在使用 wsi2dcm 轉換檔案時，至少要以 --seriesDescription 參數指定 (0008,103E) Series Description 標籤內容，除此之外亦可使用 --studyId 與 --seriesId 來指定 (0020,000D) Study Instance UID 與 (0020,000E) Series Instance UID。

# 指定 Study Instance UID 與 Series Instance UID
wsi2dcm \
  --input=CMU-1-Small-Region.svs \
  --outFolder=output \
  --seriesDescription=CMU-1-Small-Region \
  --studyId 1.3.6.1.4.1.14519.5.2.1.7777.9002.29231581743327260 \
  --seriesId 1.3.6.1.4.1.14519.5.2.1.7777.9002.53195580009743992

若要指定其他更多的 DICOM 標籤內容，可以使用 JSON 檔案來指定大量的 DICOM 標籤內容，以下是 JSON 格式的 DICOM 標籤內容範例，包含 (0010,0010) Patient’s Name、(0010,0020) Patient ID 與 (0010,0040) Patient’s Sex 三筆標籤資料：

{
    "00100010": {
        "vr": "PN",
        "Value": [
            "PD-1-MELANOMA-00016"
        ]
    },
    "00100020": {
        "vr": "LO",
        "Value": [
            "0326baf9-4e1b-47e3-9290-fd3d90e79ee0"
        ]
    },
    "00100040": {
        "vr": "CS",
        "Value": [
            "M"
        ]
    }
}

關於 JSON 的 DICOM 標籤格式可以參考 DICOM JSON Format。
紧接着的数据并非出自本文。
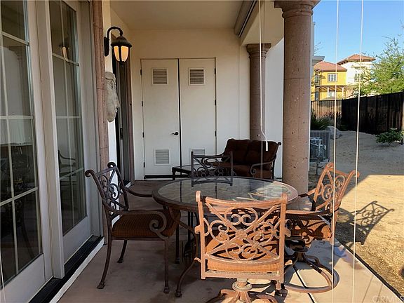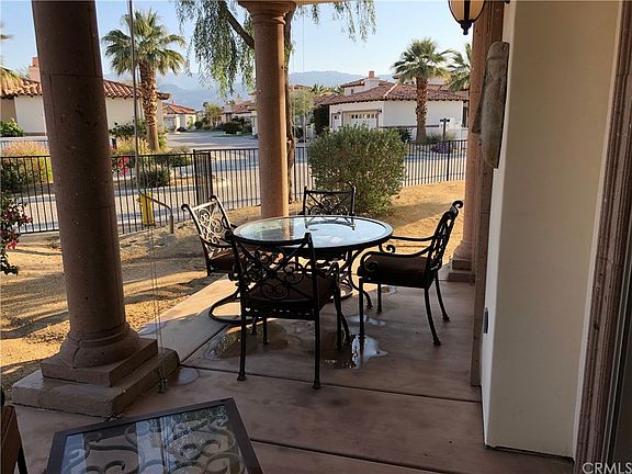 Enjoy resort living at Villa Portofino, the desert's outstanding 55 plus adult community, just unpack your bags, as everything you need is here! This fabulously furnished ground floor unit has 2 bedrooms, 2 baths and office with a wet bar unit. There's a fully equipped kitchen with beautiful maple cabinets, spacious granite countertops, travertine tile flooring and stainless steel appliances. The high coffered ceilings give a feeling of openness and the cozy and warm gas fireplace can be enjoyed on a cold night. There is an abundant amount of storage plus laundry closet which includes washer and gas dryer. The large master bedroom has a view of the mountains plus a large walk-in wardrobe closet with built-in shelving. The master bathroom has a separate tub and shower, plus double vanity sink and separate commode. The guest bathroom has large walk-in shower and granite counter top. The guest bedroom is roomy and has walk-in closet too. Relax and watch the sunset from the covered patio or maybe go to the 30,000 foot clubhouse for happy hour with your friends. There's an abundant amenities to choose from, including community pool, spa, fitness center, billiards, bridge, bocce ball, bistro, movie theater, library just to mention a few. The association dues covers water, trash, cable, internet, landscaping, exterior maintenance window washing, outside pest control and more. Built in 2012, this well kept unit has everything you need and can now be yours!!!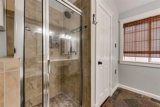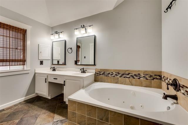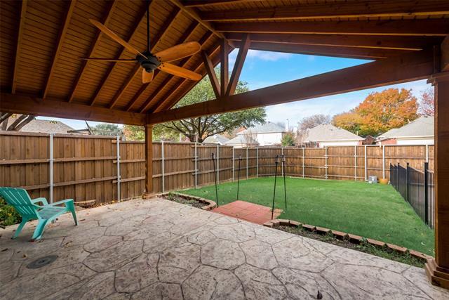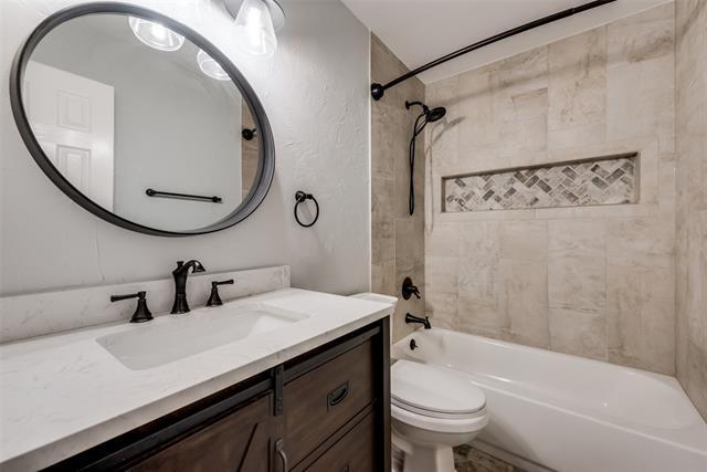 Charming single-story home in Dallas!! Open floor plan with 3 bedrooms with 2 baths. The master bedroom has 2 walk-in closets. The open kitchen has a skylight with stainless steel appliances and a gas cooktop & breakfast area. The entire house has wooden laminate floors and bathrooms with slate tiles. The master and guest bathrooms have dual sinks, quartz countertops, and a garden tub. The backyard has a covered patio with oversized stamped concrete, driveway has an electric gate.

準備好 JSON 格式的 DICOM 標籤內容檔案之後，即可使用 --jsonFile 參數透過 JSON 檔案指定 DICOM 標籤內容：

# 透過 JSON 檔案設定 DICOM 標籤內容
wsi2dcm \
  --input=CMU-1-Small-Region.svs \
  --outFolder=output \
  --seriesDescription=CMU-1-Small-Region \
  --jsonFile my_tags.json

多執行緒

wsi2dcm 的 --threads 參數可以指定程式使用的執行緒數量：

# 指定執行緒數量為 2
wsi2dcm \
  --input=CMU-1-Small-Region.svs \
  --outFolder=output \
  --seriesDescription=CMU-1-Small-Region \
  --threads 2

內插演算法

wsi2dcm 再降解析度時預設使用的演算法是 nearest neighbor 內差法，若希望改用 bilinear 內差法，可以加上 --bilinearDownsampling 參數。

# 以 bilinear 內差法降解析度
wsi2dcm \
  --input=CMU-1-Small-Region.svs \
  --outFolder=output \
  --seriesDescription=CMU-1-Small-Region \
  --bilinearDownsampling

常見問題

若編譯時出現 Could NOT find GTest 的問題，通常是因為 libgtest-dev 僅提供未編譯的原始碼，可參考 StackOverflow 的的建議自行編譯 GTest。

# 安裝 GTest 與 CMake
sudo apt-get install libgtest-dev cmake

# 自行編譯 GTest
cd /usr/src/gtest
sudo cmake CMakeLists.txt
sudo make

DICOM 標準問題

以 wsi2dcm 轉換出來的 DICOM 影像通常會因為使用者沒有提供 DICOM 標準中所要求的必要標籤（tags）資料，導致產生出來的 DICOM 影像檔案有瑕疵，若想要確保 DICOM 影像檔案的可流通性，建議在 DICOM 影像轉出之後，以 dciodvfy 與 dcentvfy 這兩項 DICOM 影像標準驗證工具來進行驗證，並修正錯誤的項目，通常就是在轉換檔案時以 JSON 檔案補足該有的 DICOM 標籤資訊即可。